Republican U.S. Senate candidate Greg Brannon is scheduled to defend himself in a civil court case next week against allegations he misled a pair of investors in a technology start-up, according to court documents.
Brannon, a Cary ob-gyn, has been endorsed by both regional North Carolina tea party groups as well as tea party conservatives such as U.S. Sen. Rand Paul and Ann Coulter. Although he trails state House Speaker Thom Tillis in the money chase, he is one of the strongest challengers to the GOP front-runner. The winner of the May Republican primary will challenge incumbent Democrat Kay Hagan in the fall general election.
According to documents filed in Wake County Superior Court, in early 2010 Brannon was on the board of directors of a technology start-up called Neogence, a company that promised to produce an "augmented reality" application called Mirascape for smart phones. In a description of the application posted in the Google Play online store in 2011, the company says the application will help users "explore the world around you and connect with people, places, and things. Mirascape is the Android 'app for everywhere.' Earthmarks™ aggregate things happening near you into a single 'supervenue.'"
Brannon helped recruit investors for the company, including Lawrence Piazza and Salvatore Lampuri, the plaintiffs in the case.
Among the things that Brannon told the two men, the court filings say, is that John Cummings, Neogence's sales officer, met with an executive for tech giant Verizon.

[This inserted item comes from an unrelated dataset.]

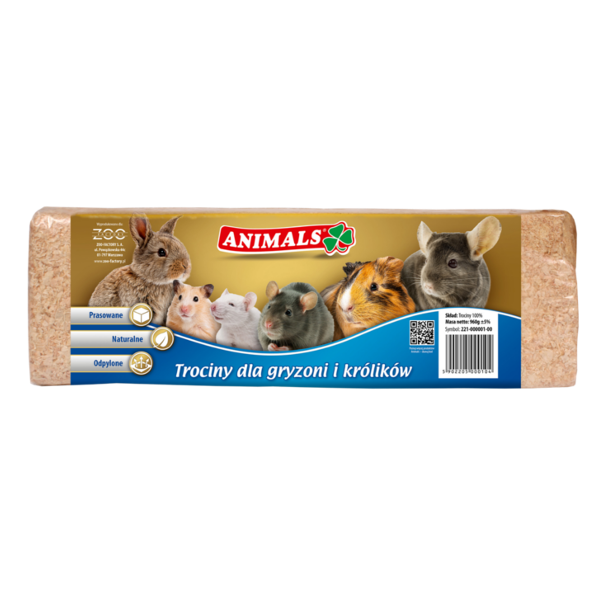 Az Animals natúr forgács ideális alom rágcsálók és nyulak számára.

According to the court file, Brannon told the potential investors that Verizon would consider including Mirascape as part of the standard set of software included on a broad category of the company's smartphones if the company could get up and running quickly. That purported interest, the court files say, came during a meeting Cummings had in New York.
"What my clients later learned ... is there was never any discussion whatsoever that this application, Mirascape, could be placed as original equipment on Verizon smartphones," said Steven Epstein, a lawyer for Piazza and Lampuri. Instead, he said, what was discussed was a potential advertising deal.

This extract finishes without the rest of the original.